What does a thirteenth-century saint have to do with contemporary temporary debates over abortion? O ye of little faith: we need look no further than the controversial Supreme Court case of Webster v. Reproductive Health Services.
The Webster case, you recall, questioned the constitutionality of certain statutes regulating abortions in Missouri. The restrictions upon abortions (for example, public facilities may not be used for abortions even if no public funds are spent) were upheld by a five-to-four Supreme Court vote. Media coverage of the dissenting votes focused around Justice Harry Blackmun's cryptic "I fear for the future" sermon. But the key passage in the Missouri law was quietly and persistently targeted by Justice John Paul Stevens. The crucial passage-actually contained in the preamble of the Missouri statute-set forth "findings" which stated that the life of each human being "begins at conception" and that "unborn children have protectable interests in life, health, and well-being." In other words, zygotes are people too.

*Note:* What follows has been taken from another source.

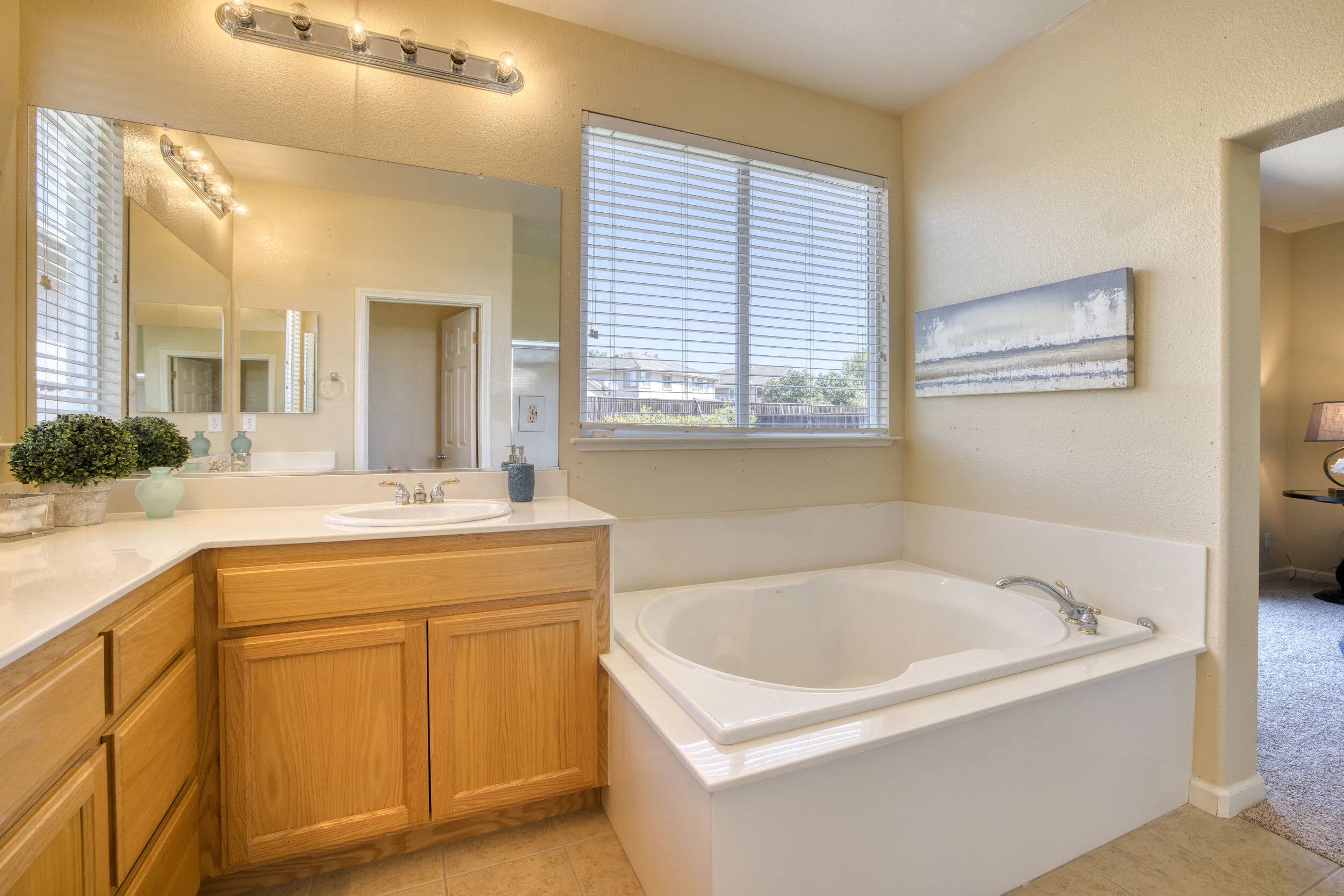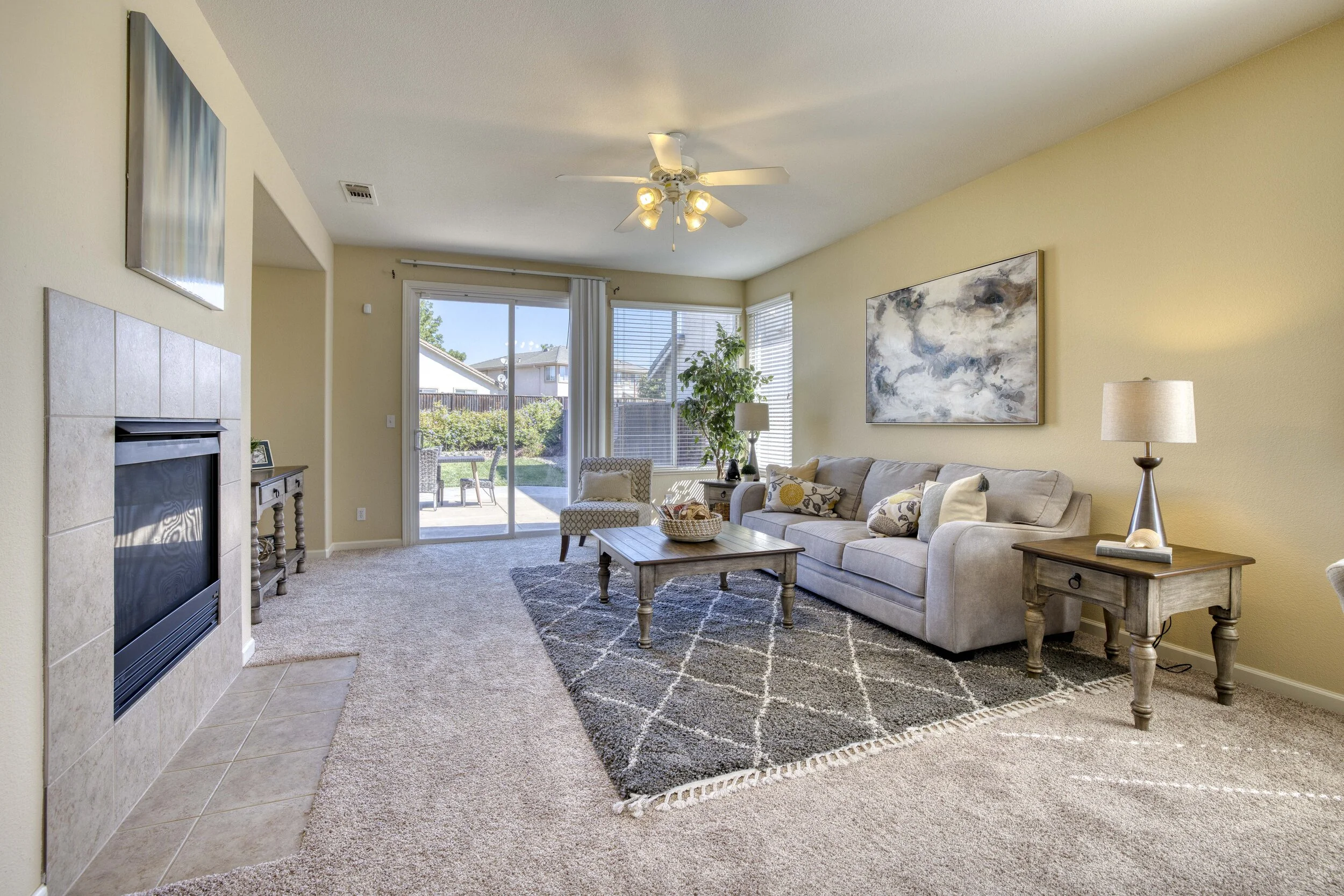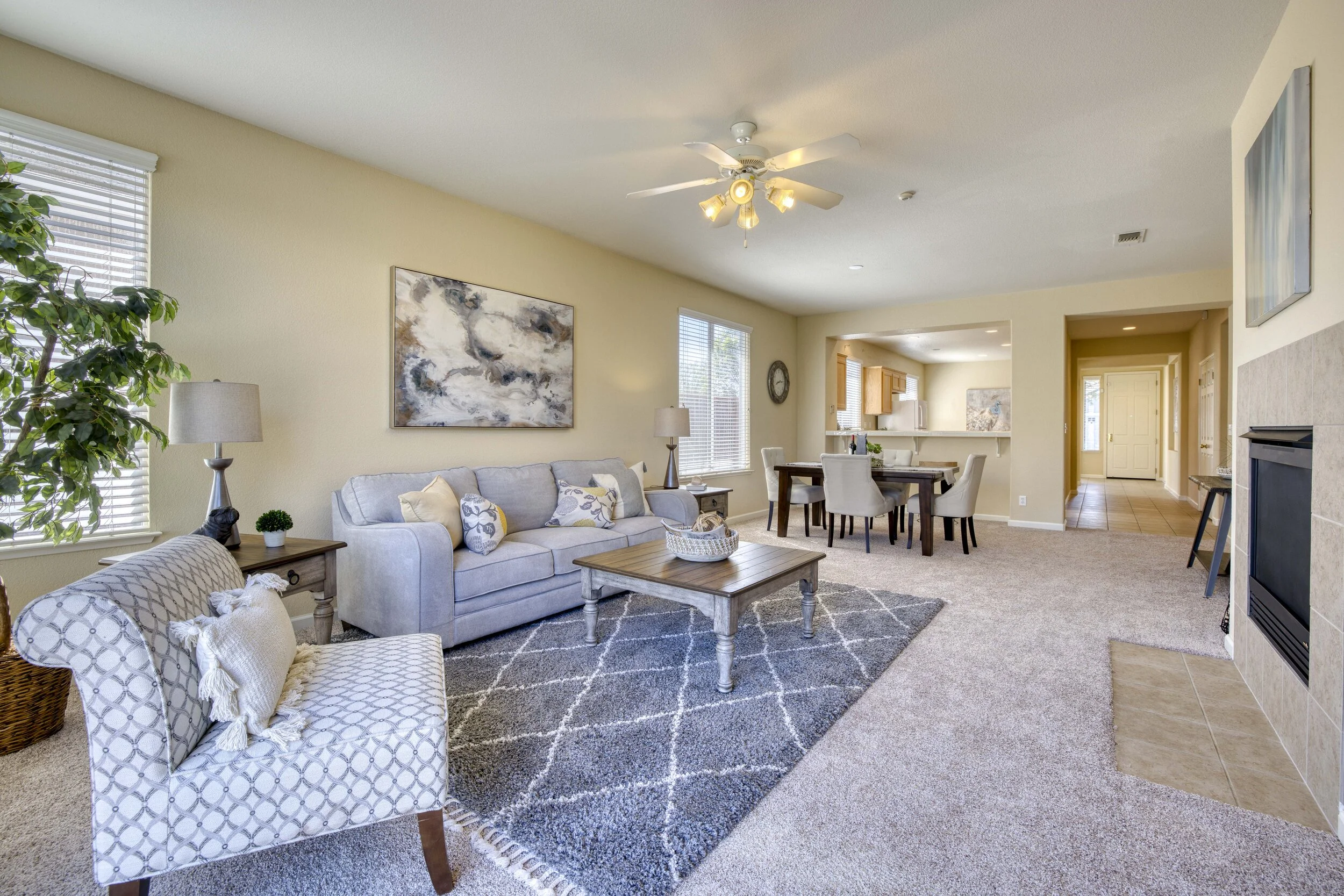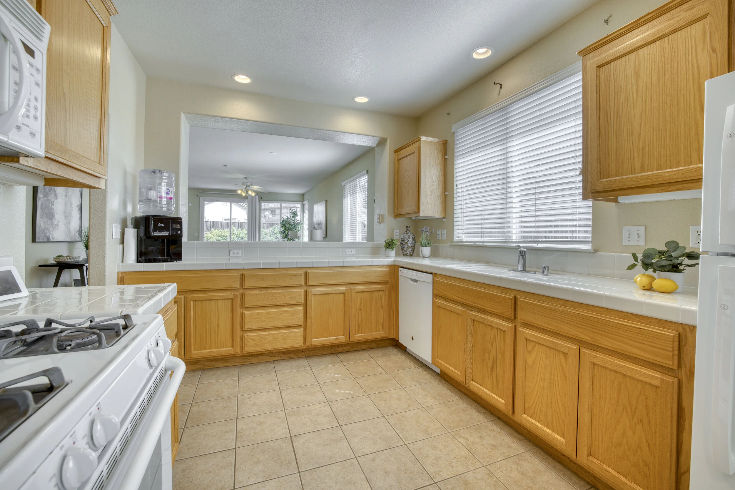 OVERSIZED LOT with ROOM FOR A POOL. Gorgeous spacious single story just a few houses from the lake and walking trails. Sought after court location in a very family friendly neighborhood. Open floorplan with lots of natural light, features 3 bedrooms PLUS den (possible 4th bedroom). New carpet. Beautiful kitchen features a large breakfast bar, breakfast nook and pantry. Primary suite has a huge walk-in closet and a sliding glass door that leads to the spacious backyard. There is room for the pool of your dreams, an outdoor kitchen, and much more. Pictures include ideas for pool and covered patio, provided by Picture Perfect Pool Services, Inc. Lovely gated Lakes community offers basketball and pickleball courts, parks, playgrounds, movies and even music in the park!

Justice Stevens argued that the Missouri "findings" were unconstitutional, and he appealed to a remarkable (yet little noticed) argument. At first, his reasoning seems rather academic-indeed, this is undoubtedly why the media centered on Blackmun's more dramatic comments. Had we given Stevens' "illustrational" argument closer examination, however, we would have found it to expose the irony lurking just beneath the surface of pro-life ideology. And guess who Stevens appeals to in his subtle dissent? Why, Saint Thomas Aquinas, of course.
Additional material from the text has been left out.